## Provided data
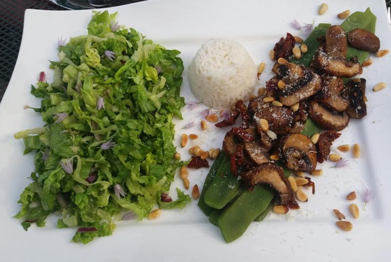 ...und heute Stangenbohnen mit gebratenen Champignons, Zwiebeln, Knoblauch, getrockneten Tomaten, gerösteten Pinienkernen und Parmesan, dazu Reis und Salat.
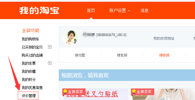 4、進入我的淘寶中以后點擊下方“評價管理”進行查看
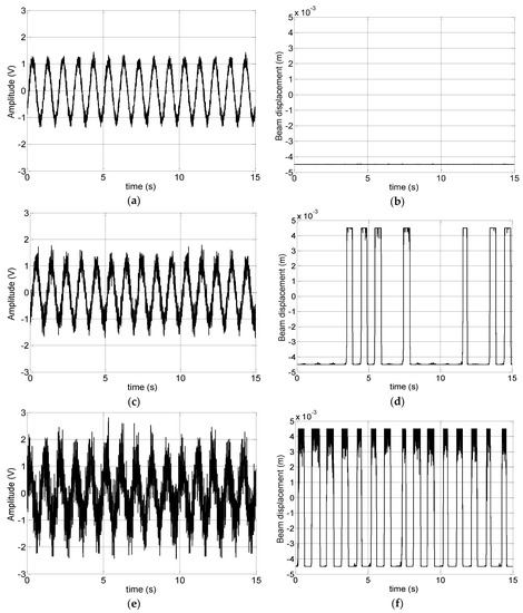 The related beam displacement between the two stable states (observed by the IR distance sensor) is reported in Figure 4b,d,f. As it easily emerges, the first noise level (σn = 0.12 V) is not sufficient to fill the gap ∆V defined in (1) and overpass the beam switching threshold Sth thus activating the beam switching. In fact, as shown in Figure 4b, the beam remains in one of its stable states (specifically at −4.5 mm in the case reported in the figure).
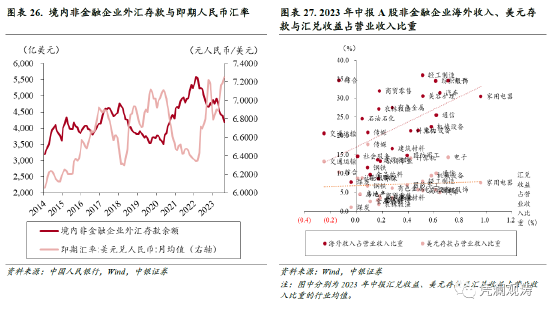 在本币计价计算之外,涉外企业也可以选择“收外汇付外汇”的方式自然对冲汇率风险。根据中国人民银行的统计,2020-2021年人民币汇率升值,境内非金融外汇存款分别增加601亿和948亿美元;2022年和2023年前8个月人民币汇率贬值,境内非金融外汇存款分别减少532亿和526亿美元(见图表26)。这显示,当人民币升值时,境内非金融企业倾向于积累外汇存款,增厚了民间二级外汇储备,起到了“蓄水池”的作用;人民币贬值时,企业倾向于减少外汇存款,用于对外支付或结汇。从微观企业的财务数据来看,2023年上半年,A股非金融企业中海外收入及美元存款与汇兑收益占营业收入比重呈现正相关关系(见图表27),即海外业务收入较多,或者美元存款较多的企业其净汇兑收益占营业收入比重越高。
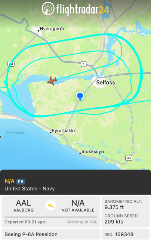 Flugvél frá bandaríska sjóhernum hefur undanfarna klukkustund hringsólað í kringum Selfoss. Fleiri herflugvélar hafa verið á flugi yfir Suðurlandi í morgun.
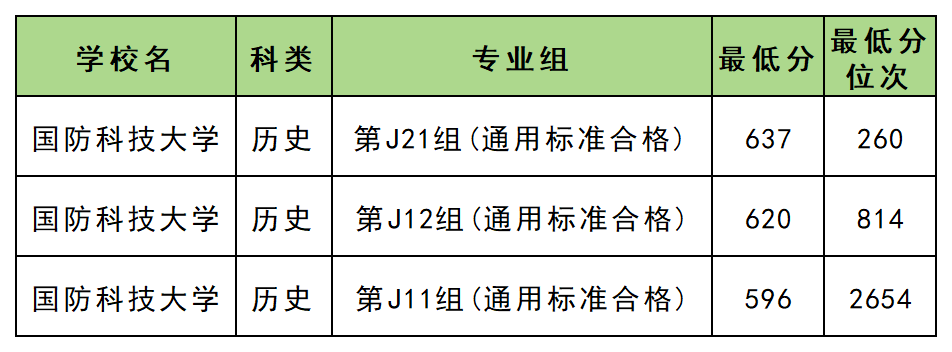 首选历史军校招生中,最低分学校是国防科技大学第J11组(通用标准合格),2025年最低投档分数线均为596分;

## What is required
Skip the pictures and print exactly the lines from the one containing "The related beam" through the end of the records above.

## Answer for the task
 The related beam displacement between the two stable states (observed by the IR distance sensor) is reported in Figure 4b,d,f. As it easily emerges, the first noise level (σn = 0.12 V) is not sufficient to fill the gap ∆V defined in (1) and overpass the beam switching threshold Sth thus activating the beam switching. In fact, as shown in Figure 4b, the beam remains in one of its stable states (specifically at −4.5 mm in the case reported in the figure).
 在本币计价计算之外,涉外企业也可以选择“收外汇付外汇”的方式自然对冲汇率风险。根据中国人民银行的统计,2020-2021年人民币汇率升值,境内非金融外汇存款分别增加601亿和948亿美元;2022年和2023年前8个月人民币汇率贬值,境内非金融外汇存款分别减少532亿和526亿美元(见图表26)。这显示,当人民币升值时,境内非金融企业倾向于积累外汇存款,增厚了民间二级外汇储备,起到了“蓄水池”的作用;人民币贬值时,企业倾向于减少外汇存款,用于对外支付或结汇。从微观企业的财务数据来看,2023年上半年,A股非金融企业中海外收入及美元存款与汇兑收益占营业收入比重呈现正相关关系(见图表27),即海外业务收入较多,或者美元存款较多的企业其净汇兑收益占营业收入比重越高。
 Flugvél frá bandaríska sjóhernum hefur undanfarna klukkustund hringsólað í kringum Selfoss. Fleiri herflugvélar hafa verið á flugi yfir Suðurlandi í morgun.
 首选历史军校招生中,最低分学校是国防科技大学第J11组(通用标准合格),2025年最低投档分数线均为596分;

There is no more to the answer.